PROBLEM TO SOLVE — Reproduce the listing below as it stands. Leave out each image.

RECORDED DATA —
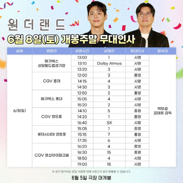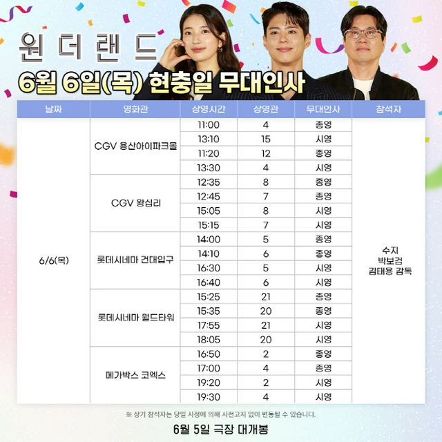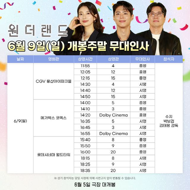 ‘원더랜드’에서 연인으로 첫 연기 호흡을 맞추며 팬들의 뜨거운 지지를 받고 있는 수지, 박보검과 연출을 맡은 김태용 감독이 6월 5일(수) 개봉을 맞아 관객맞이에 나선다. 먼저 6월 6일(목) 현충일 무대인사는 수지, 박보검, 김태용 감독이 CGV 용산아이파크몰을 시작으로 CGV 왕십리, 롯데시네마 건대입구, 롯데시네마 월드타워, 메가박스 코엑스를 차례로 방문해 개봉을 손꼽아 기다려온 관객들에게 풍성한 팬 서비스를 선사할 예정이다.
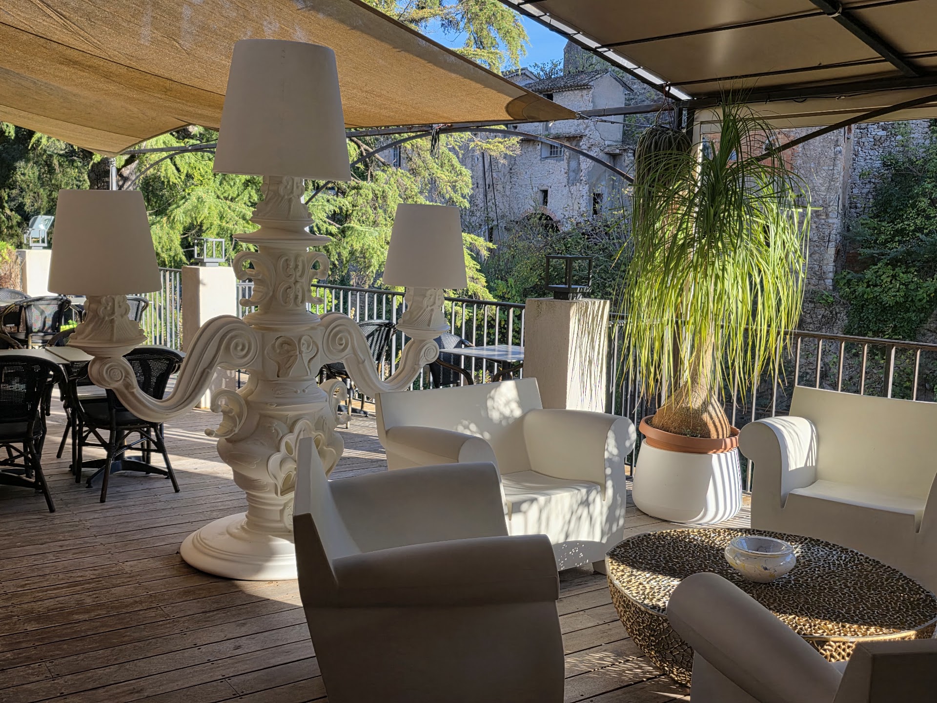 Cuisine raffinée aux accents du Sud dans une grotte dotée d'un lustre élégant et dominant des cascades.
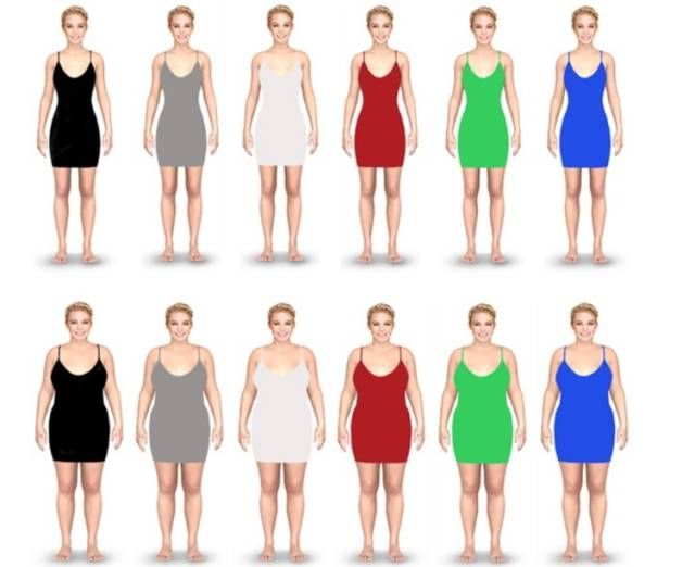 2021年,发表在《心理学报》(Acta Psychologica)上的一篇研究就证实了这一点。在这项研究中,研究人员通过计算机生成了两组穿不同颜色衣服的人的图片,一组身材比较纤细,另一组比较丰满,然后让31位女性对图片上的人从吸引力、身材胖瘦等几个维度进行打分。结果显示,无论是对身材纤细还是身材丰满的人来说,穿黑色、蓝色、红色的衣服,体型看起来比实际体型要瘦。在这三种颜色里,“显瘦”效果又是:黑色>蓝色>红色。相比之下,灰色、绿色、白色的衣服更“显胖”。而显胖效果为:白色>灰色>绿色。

OUTPUT OF THE EXERCISE —
 ‘원더랜드’에서 연인으로 첫 연기 호흡을 맞추며 팬들의 뜨거운 지지를 받고 있는 수지, 박보검과 연출을 맡은 김태용 감독이 6월 5일(수) 개봉을 맞아 관객맞이에 나선다. 먼저 6월 6일(목) 현충일 무대인사는 수지, 박보검, 김태용 감독이 CGV 용산아이파크몰을 시작으로 CGV 왕십리, 롯데시네마 건대입구, 롯데시네마 월드타워, 메가박스 코엑스를 차례로 방문해 개봉을 손꼽아 기다려온 관객들에게 풍성한 팬 서비스를 선사할 예정이다.
 Cuisine raffinée aux accents du Sud dans une grotte dotée d'un lustre élégant et dominant des cascades.
 2021年,发表在《心理学报》(Acta Psychologica)上的一篇研究就证实了这一点。在这项研究中,研究人员通过计算机生成了两组穿不同颜色衣服的人的图片,一组身材比较纤细,另一组比较丰满,然后让31位女性对图片上的人从吸引力、身材胖瘦等几个维度进行打分。结果显示,无论是对身材纤细还是身材丰满的人来说,穿黑色、蓝色、红色的衣服,体型看起来比实际体型要瘦。在这三种颜色里,“显瘦”效果又是:黑色>蓝色>红色。相比之下,灰色、绿色、白色的衣服更“显胖”。而显胖效果为:白色>灰色>绿色。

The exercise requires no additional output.